The pay parking kiosk located at the corner of Baker and Hall Street is creating chaos for people lodging their vehicles on the street and for business in the area, says one business owner.
Vince DeVito currently has a petition in his store asking the city to make improvements on the parking payment system, or get rid of the kiosk altogether and go back to metered parking. More than 150 people have now signed the petition during the past month it has been out on the front counter of his DeVito’s Shoe Store.
Although the store is not pushing the petition, DeVito said there are those who are unhappy with the parking kiosk system — with a central parking pay station and no individual parking meters — and are definitely willing to voice their opinion.
The consensus is the kiosk needs to be removed and replaced with parking meters, or more kiosks need to be placed on the block to be more convenient, DeVito noted.
“I have customers coming in saying, ‘I can’t get to the kiosk . . . that it’s too far, I don’t know where it is.’ Signage is poor and people don’t know how much it costs,” he said.
DeVito said when customers get to the lone kiosk there are no directions on what to do, if they need to keep the ticket or take it back to the car, and it creates confusion.
One kiosk in a two-block span is not convenient, said DeVito.
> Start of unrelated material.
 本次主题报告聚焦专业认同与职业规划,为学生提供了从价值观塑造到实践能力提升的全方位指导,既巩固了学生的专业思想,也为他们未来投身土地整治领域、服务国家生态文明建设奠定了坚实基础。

The city should have at least two more kiosks to make it convenient for drivers, he said, for a total of three kiosks on Hall Street, one at the top of Hall Street near the park and another near the Adventure Hotel.
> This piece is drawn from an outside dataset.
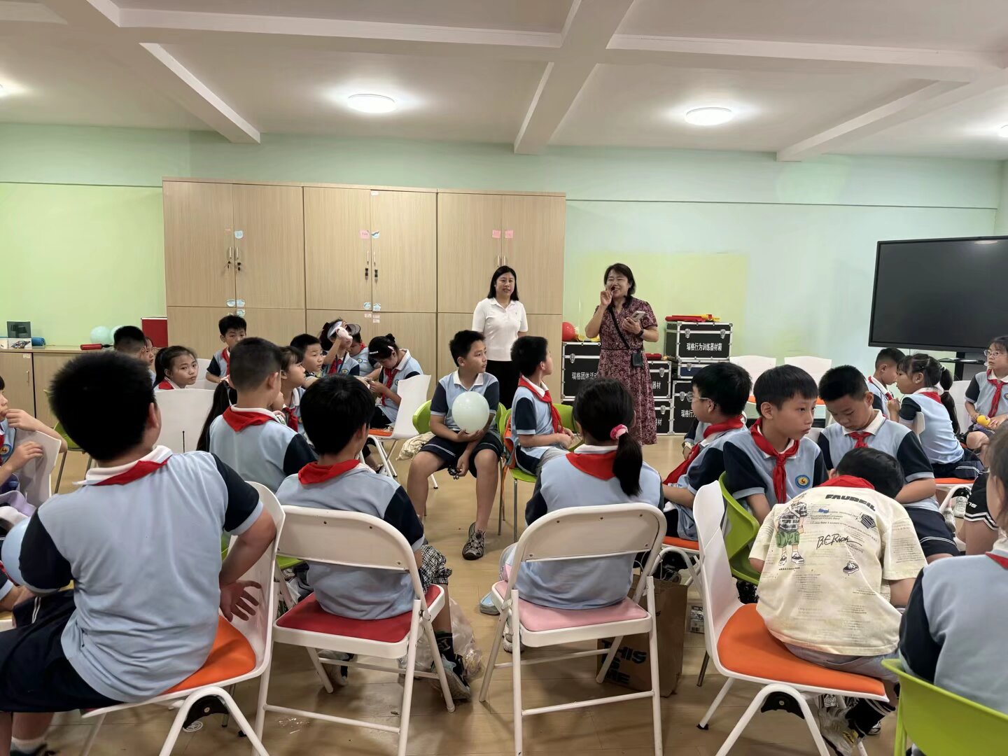 快乐传递,友谊升温。“传递快乐球”活动同样精彩纷呈。各组同学紧密围成圆圈,用手轻拍气球完成一次次默契的接力传递。每当气球险落,队友的鼓励声瞬间响起;成功过关,欢呼声便响彻若水轩上空。五彩气球在空中划出一道道轻盈美丽的弧线,不仅考验着同学们的灵活反应和协作配合能力,更在阵阵欢声笑语中,无形地拉近了彼此距离,加深了纯真友谊。孩子们脸上洋溢着无忧无虑的灿烂笑容,仿佛所有的烦恼压力都随着气球的轻盈起落而烟消云散。

Signage for the kiosk needs to be improved, he continued, since most people parking on the 400 and 500 blocks of Hall Street think it is free parking, said DeVito.
“So they are confused when they get ticketed,” he said.
DeVito said he’s lucky to have a “destination-based business.” People who come downtown to his store have said they would not park on the street at all as they don’t like the kiosk idea, but do so to attend his business.
It’s not as if DeVito is advocating for free parking.
“I have no problem with pay parking . . . we’ve always had paid parking in Nelson and the profits from meters and fines is tremendous . . . and that’s okay with me. But convenience is the key.
“If the idea is to have entire downtown with the kiosk system, then let’s get it together and do the entire downtown.”
City director of Development Services, Pam Mierau, had not heard about the petition against the Hall Street parking kiosk, but suggested pay parking kiosks were a pilot project of sorts across the downtown.
“But the Hall Street pay station, specifically, is considered to be permanent,” she said. “What we are piloting is whether there should be more pay stations in other areas of the city.”
Once a pay station is installed, it is part of the infrastructure and it would be more costly to reverse and remove it.
“Our experience with the Hall Street pay station will inform where we go with pay stations citywide — whether and how the pilot project is expanded.”
Mierau explained that pay stations offer numerous benefits, including credit card payments, cell phone top-off (instead of returning to the meter), and important data analytics on parking use, demand, and payment.
“We will be proceeding with public engagement on the downtown parking strategy in the fall, of which the pay station on Hall Street will be part of the conversation,” she said.
DeVito said the city had to look at the numbers, people were either parking or not parking, and needed to make the decision.
“We’ve actually lost parking on Hall Street since the (street) renovation,” he said. “We want shoppers who come down here, park and stick around. If they don’t know how to use (the kiosk), can’t find it or get ticketed because of it, it doesn’t leave a good taste in their mouth,” and they don’t come downtown.